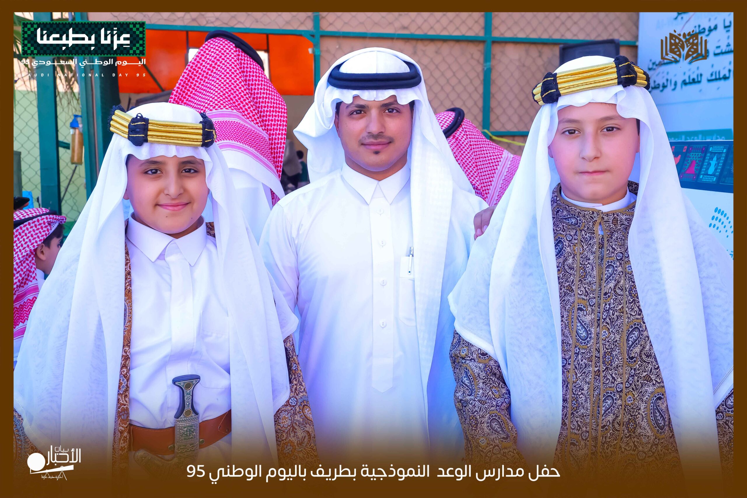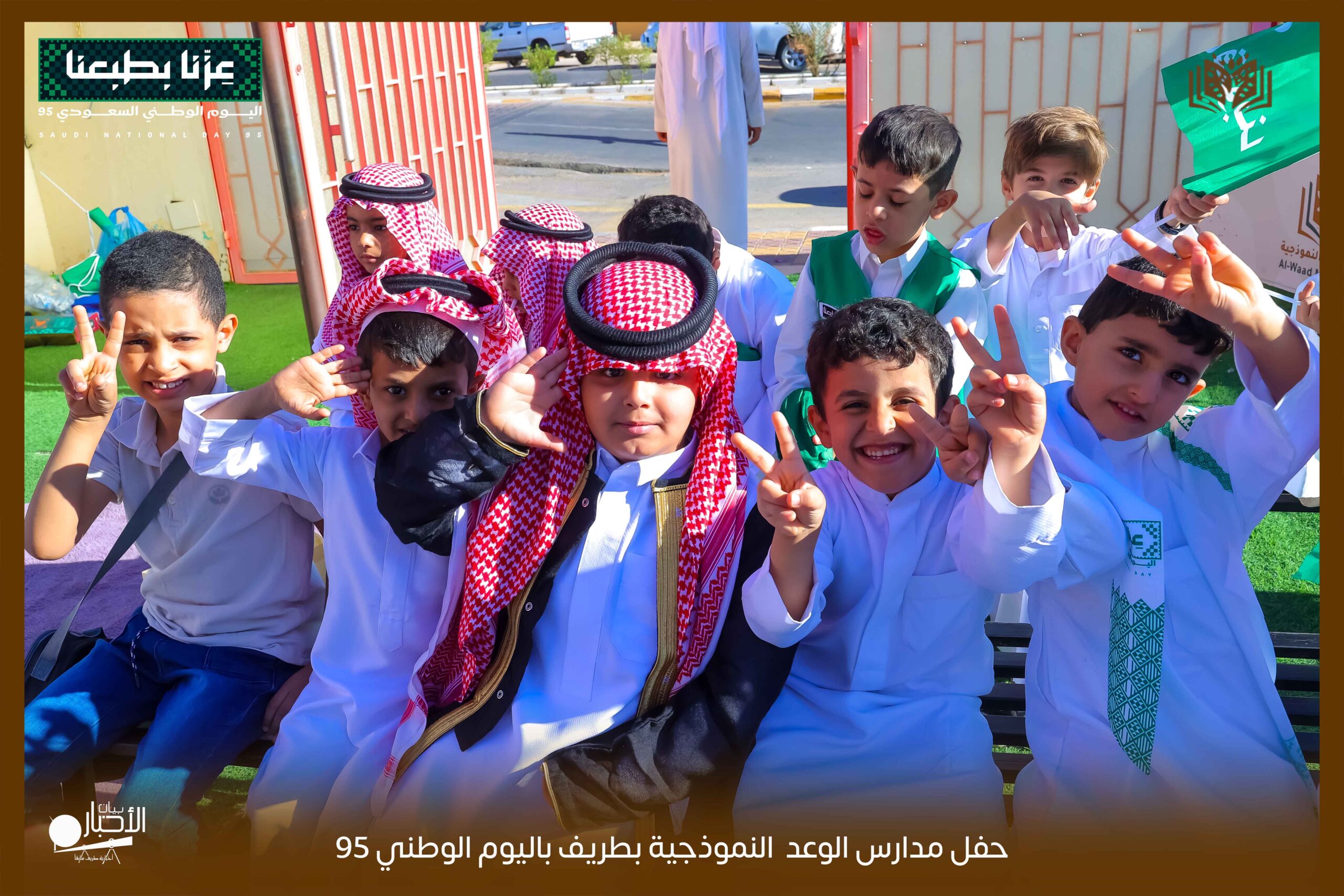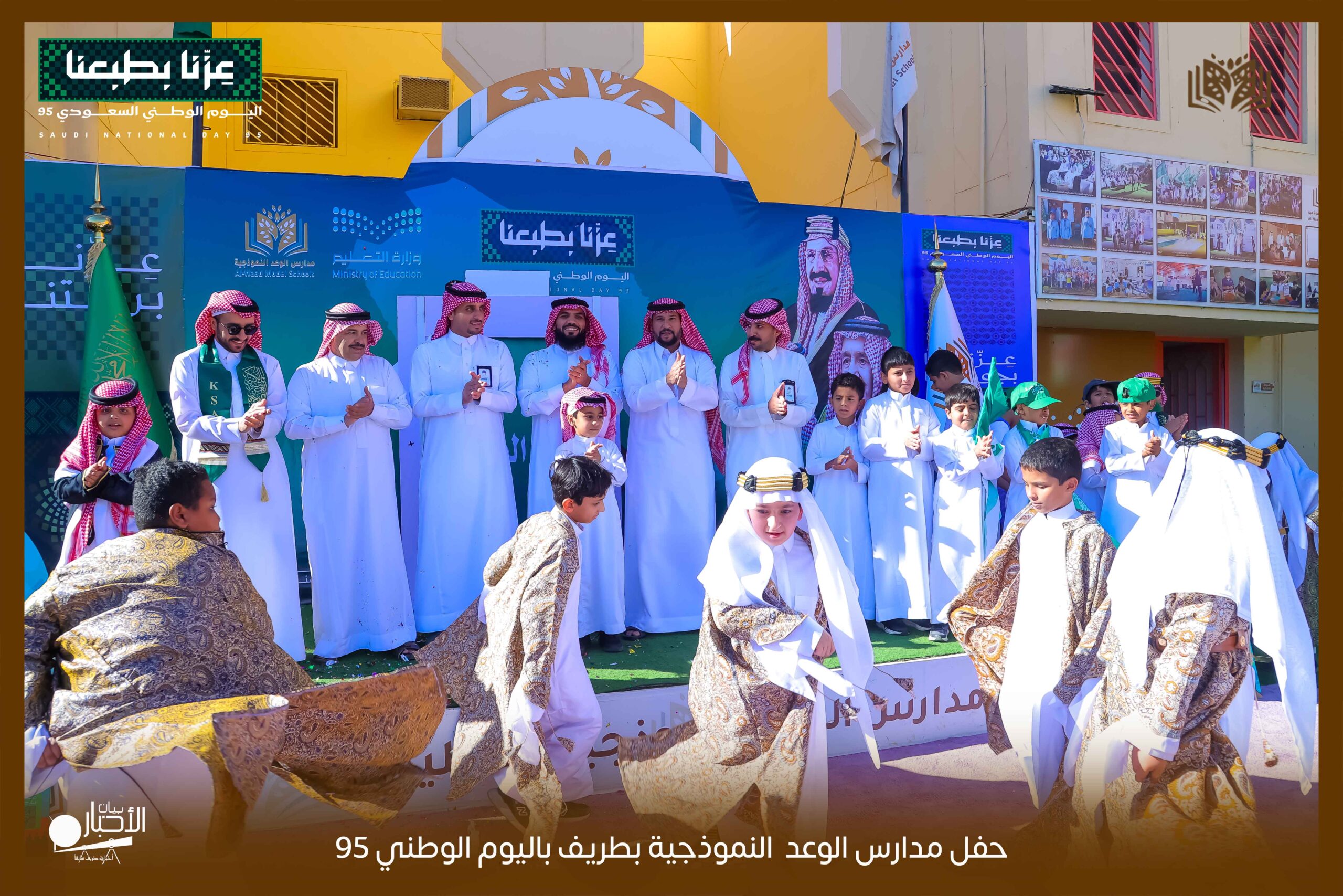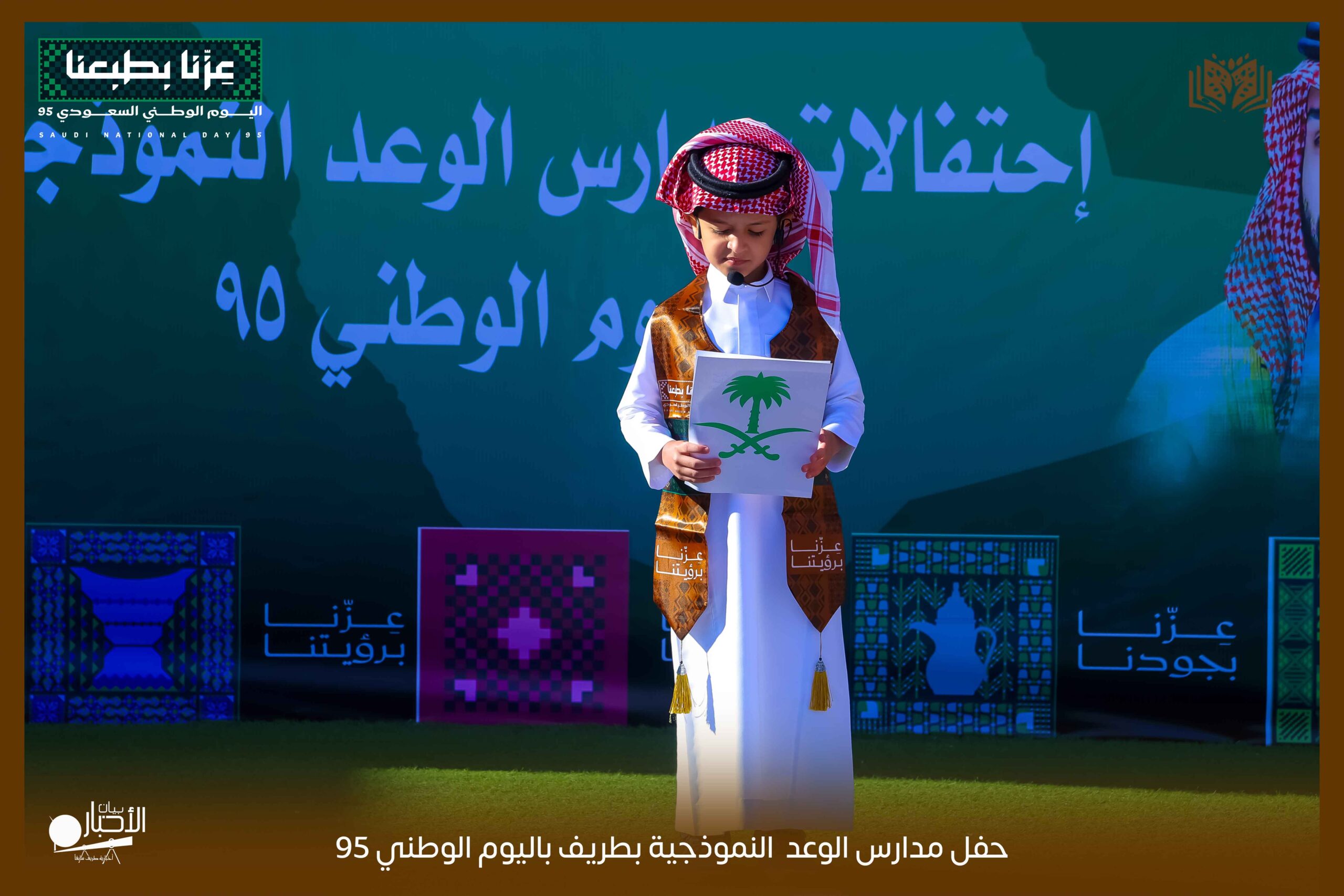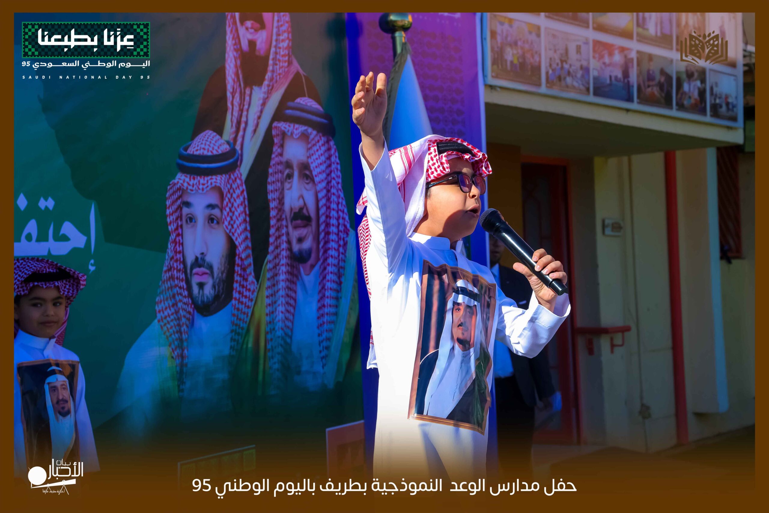 أقامت مدارس الوعد النموذجية الأهلية حفلًا بمناسبة ذكرى( اليوم الوطني السعودي ٩٥ ) ، تلك الذكرى التي تجعلنا نشعر بالاعتزاز والفخر بالانتماء لهذا الوطن العظيم ، حيث بدأ الحفل بعرض السلام الملكي ثم آيات عطرة من الذكر الحكيم ثم كلمة مدير المدرسة الأستاذ إسماعيل صالح العنزي والذي رحب بالسادة الضيوف وأولياء الأمور وتقديم التهنئة للقيادة الحكيمة والشعب السعودي بهذه المناسبة ،ثم تتابعت فقرات الحفل ما بين مشهد لملوك المملكة وعرض مسرحي بعنوان ( عزنا بطبعنا ) ثم فقرة باللغة الإنجليزية في حب الوطن ثم ختم الحفل بأداء الطلاب للعارضة السعودية ٠
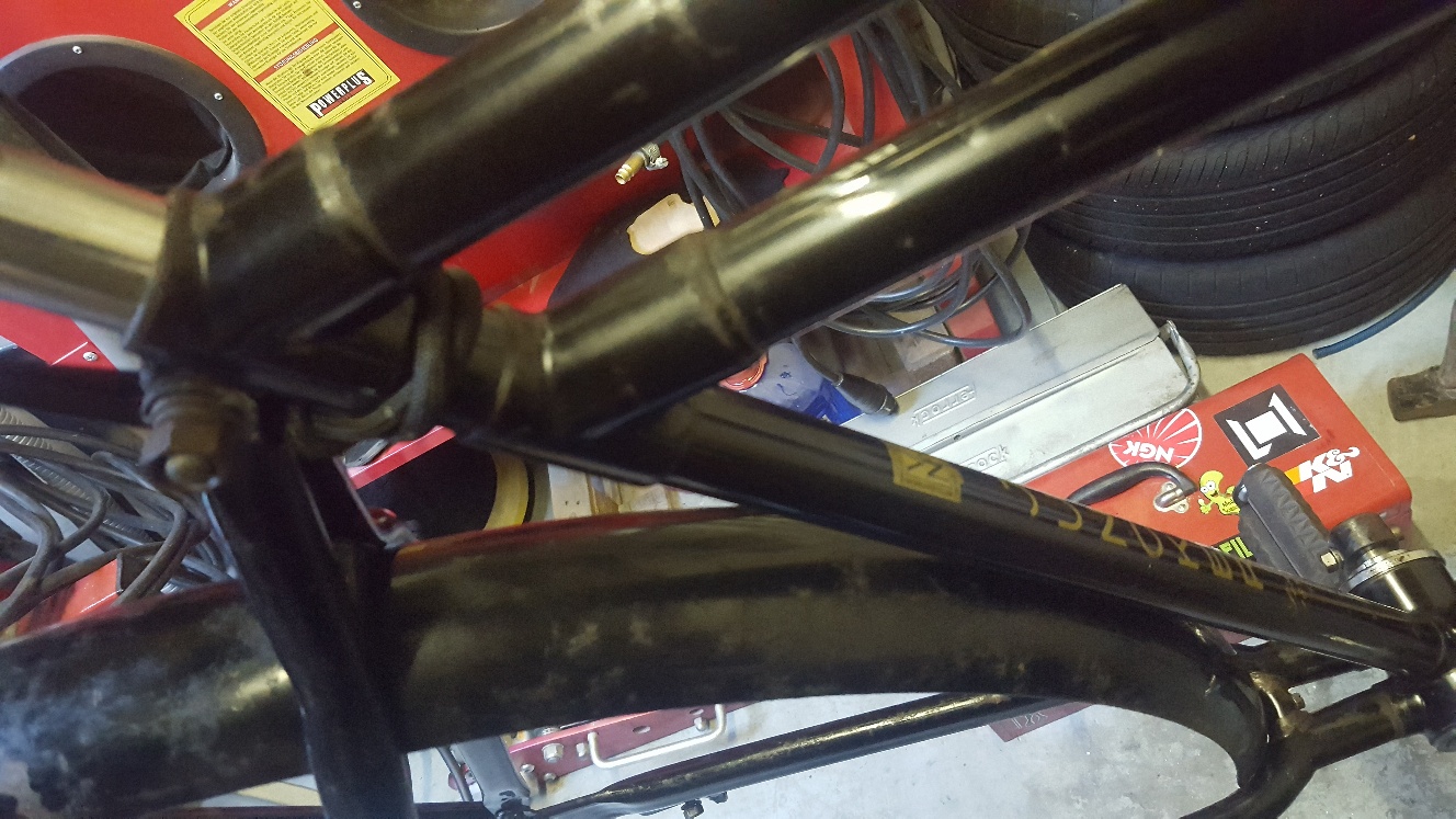 Die is geheel opnieuw verchroomd en gepoedercoat. Dat is de fiets van Jelle zeker niet, gezien de originele transfers er nog op staan (bij de fiets van Davy dus niet meer). Het lijkt er dus echt op dat deze twee fietsen hetzelfde framenummer dragen.
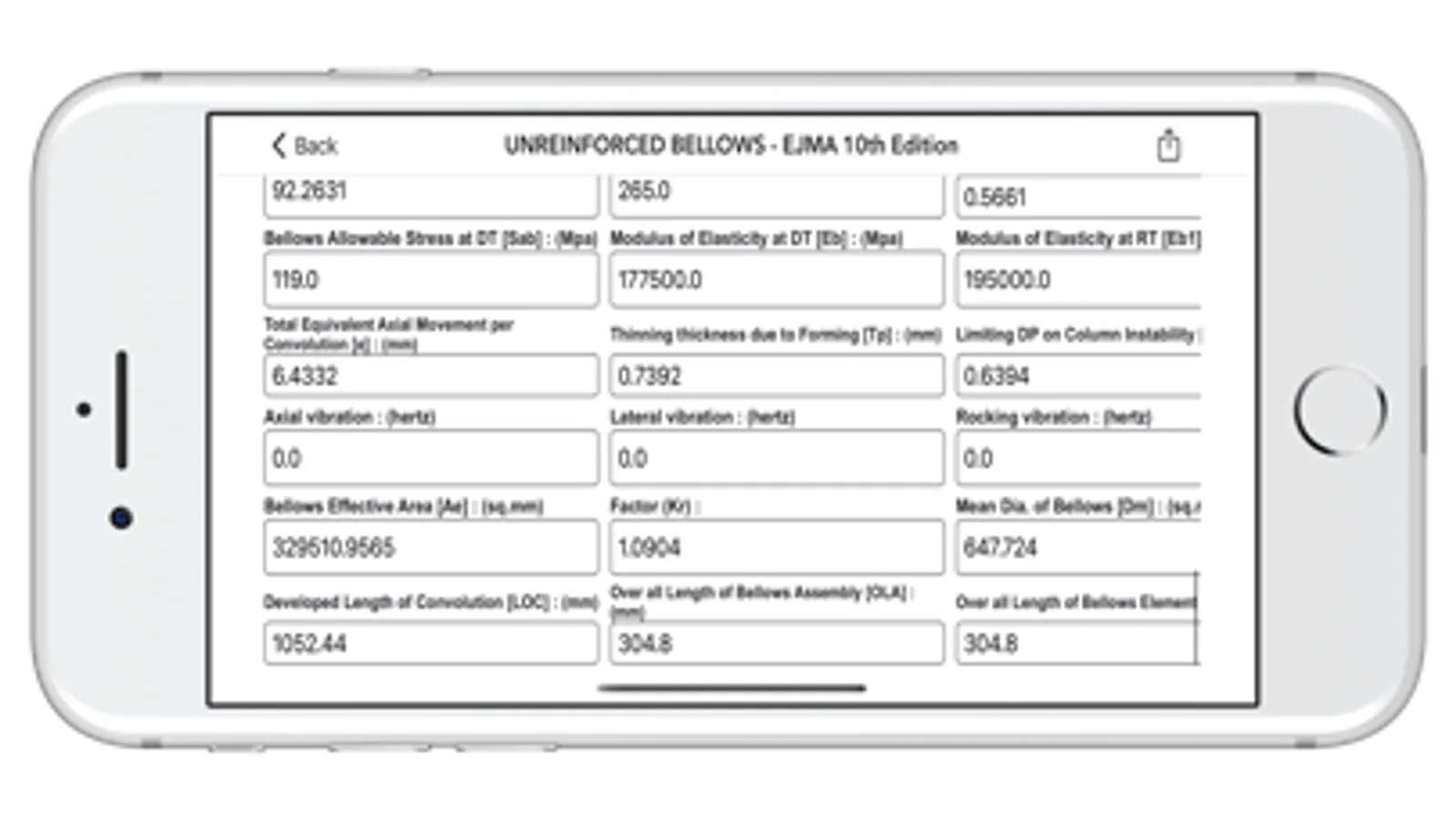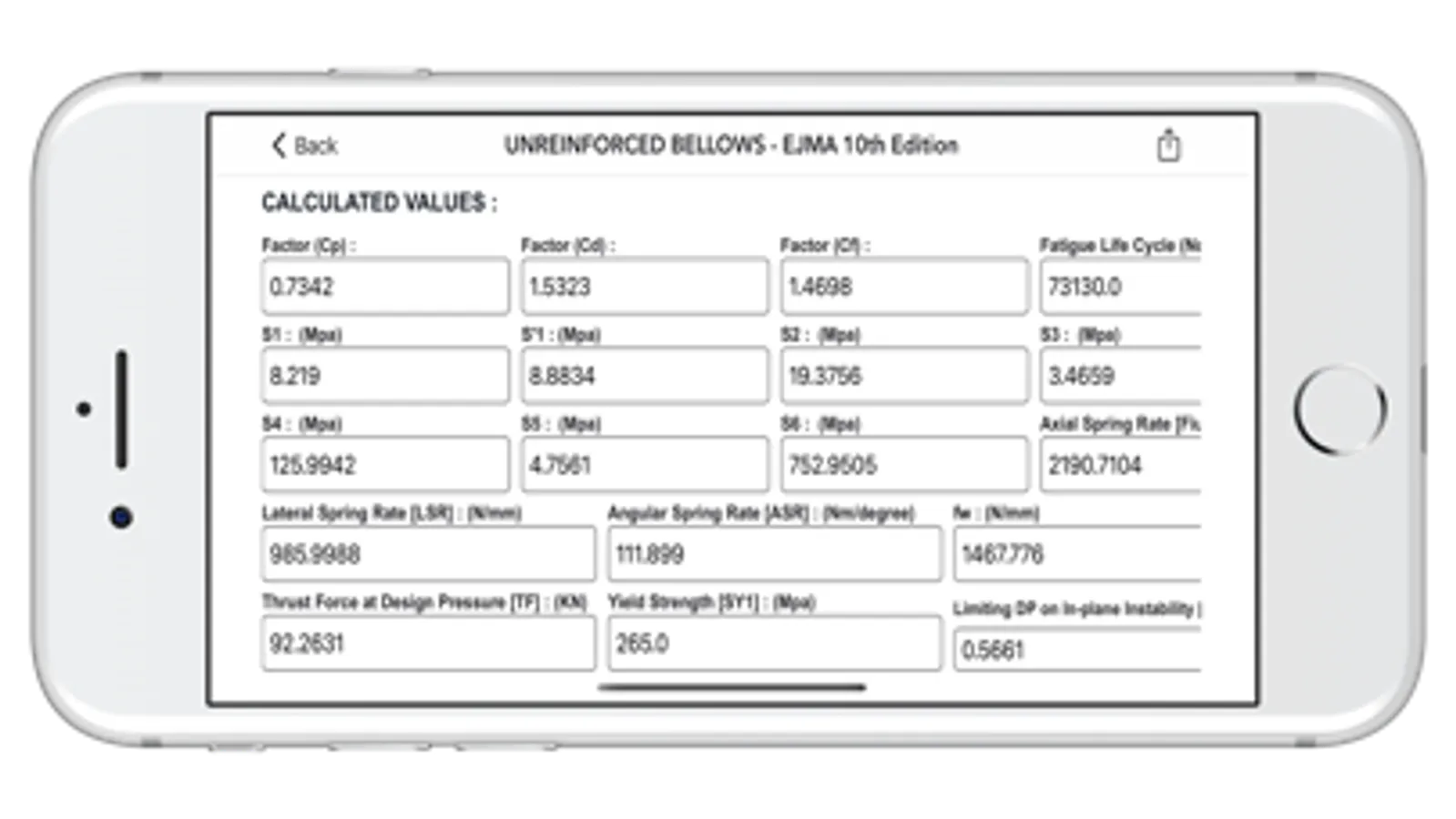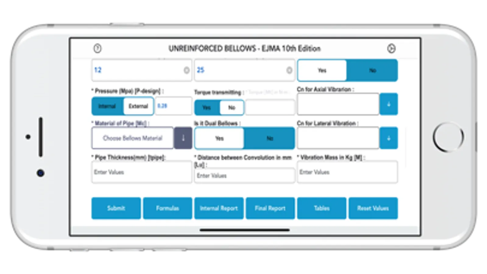 Calculations include Single, Dual Bellows with over a long list of Materials.
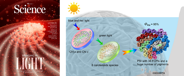 图1 Science封面报道以及赫胥黎艾氏藻的PS I-FCPI超复合体模型
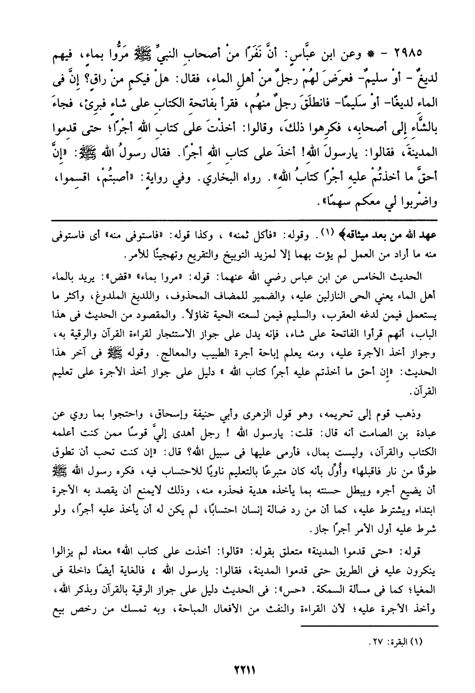 2985 - وعن ابن عباس: أن نفراً من أصحاب النبي صلى الله عليه وسلم مروا بماء، فيهم لديغ – أو سليم – فعرض لهم رجل من أهل الماء، فقال: هل فيكم من راق؟ إن في الماء لديغاً – أو سليماً – فانطلق رجل منهم، فقرأ بفاتحة الكتاب علي شاء فبرئ، فجاء بالشاء إلي أصحابه، فكرهوا ذلك، وقالوا: أخذت علي كتاب الله أجراً؛ حتى قدموا المدينة، فقالوا: يا رسول الله! أخذ علي كتاب الله أجراً. فقال رسول الله صلى الله عليه وسلم: ((إن أحق ما أخذتم عليه أجراً كتاب الله)). رواه البخاري. وفي رواية: ((أصبتم، اقسموا، واضربوا لي معكم سهماً)).

____

TASK GOAL:
All entries above should be returned exactly, apart from their pictures.

RESPONSE:
 أقامت مدارس الوعد النموذجية الأهلية حفلًا بمناسبة ذكرى( اليوم الوطني السعودي ٩٥ ) ، تلك الذكرى التي تجعلنا نشعر بالاعتزاز والفخر بالانتماء لهذا الوطن العظيم ، حيث بدأ الحفل بعرض السلام الملكي ثم آيات عطرة من الذكر الحكيم ثم كلمة مدير المدرسة الأستاذ إسماعيل صالح العنزي والذي رحب بالسادة الضيوف وأولياء الأمور وتقديم التهنئة للقيادة الحكيمة والشعب السعودي بهذه المناسبة ،ثم تتابعت فقرات الحفل ما بين مشهد لملوك المملكة وعرض مسرحي بعنوان ( عزنا بطبعنا ) ثم فقرة باللغة الإنجليزية في حب الوطن ثم ختم الحفل بأداء الطلاب للعارضة السعودية ٠
 Die is geheel opnieuw verchroomd en gepoedercoat. Dat is de fiets van Jelle zeker niet, gezien de originele transfers er nog op staan (bij de fiets van Davy dus niet meer). Het lijkt er dus echt op dat deze twee fietsen hetzelfde framenummer dragen.
 Calculations include Single, Dual Bellows with over a long list of Materials.
 图1 Science封面报道以及赫胥黎艾氏藻的PS I-FCPI超复合体模型
 2985 - وعن ابن عباس: أن نفراً من أصحاب النبي صلى الله عليه وسلم مروا بماء، فيهم لديغ – أو سليم – فعرض لهم رجل من أهل الماء، فقال: هل فيكم من راق؟ إن في الماء لديغاً – أو سليماً – فانطلق رجل منهم، فقرأ بفاتحة الكتاب علي شاء فبرئ، فجاء بالشاء إلي أصحابه، فكرهوا ذلك، وقالوا: أخذت علي كتاب الله أجراً؛ حتى قدموا المدينة، فقالوا: يا رسول الله! أخذ علي كتاب الله أجراً. فقال رسول الله صلى الله عليه وسلم: ((إن أحق ما أخذتم عليه أجراً كتاب الله)). رواه البخاري. وفي رواية: ((أصبتم، اقسموا، واضربوا لي معكم سهماً)).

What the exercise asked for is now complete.